Estimated time: ~15 min read · ~30 min hands-on Prerequisites: Part 00 ch.06 — the spec/status object model · Part 00 ch.07 — a kind cluster to apply to You'll know after this: • articulate why the Pod (not the container) is the unit of scheduling · • read a PodSpec and identify shared namespaces and volumes · • interpret Pod phases (Pending/Running/Succeeded/Failed/Unknown) and conditions · • choose between init, sidecar, and ephemeral containers for a real scenario · • explain why you almost never create a bare Pod in production
Why this exists¶
Part 00 ended with one object:
catalog as a bare Pod, applied to a real cluster in
ch.07. That worked, but it raised
questions the rest of Part 01 answers: what exactly is a Pod, why is it a Pod
and not "a container", and why is running a bare one an anti-pattern?
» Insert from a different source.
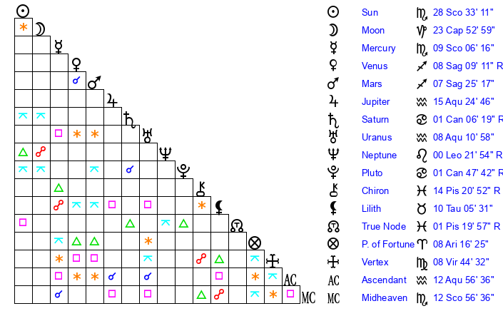 | Sun | 28 Scorpio 33 | 29 Scorpio 53 | 20 Pisces 3 |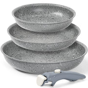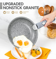 Each pan boasts a premium granite-inspired nonstick surface that glides smoothly under your spatula, resists scratches like a champ, and stays PFOA, PTFE, and PFAS-free for peace of mind.

A container is one isolated process tree. Real workloads frequently need two
processes that must share fate and locality: an app plus a log shipper that
tails its files, an app plus a proxy that holds its outbound connections, a
data store plus a one-shot schema loader that must finish before the store
accepts traffic. Scheduling those independently (two containers that might
land on different machines, might start in any order, can't see each other's
filesystem or localhost) breaks them. Kubernetes' answer is the Pod: a
group of containers guaranteed to be co-scheduled on one node, sharing selected
Linux namespaces and storage, with a single lifecycle. The Pod — not the
container — is therefore the smallest thing Kubernetes schedules, addresses
(one IP), and reports status for. Every higher workload (Deployment,
StatefulSet, Job…) ultimately produces Pods; understanding the Pod is
understanding all of them.
Mental model¶
A Pod is a shared execution context, modeled on a single (virtual) host: the containers in it behave like processes on one machine. They share:
- Network namespace — one IP, one port space. Containers reach each other
over
localhost; two containers cannot both bind:8080. - IPC namespace — they can use SysV IPC / POSIX shared memory between them.
- UTS namespace — they share a hostname.
- Volumes — any volume the Pod declares can be mounted into multiple containers, the basis of "sidecar writes a file, app reads it".
They do not share a PID namespace by default (each container sees only its
own processes unless shareProcessNamespace: true) and do not share mount
namespaces (each has its own root filesystem; only declared volumes are shared).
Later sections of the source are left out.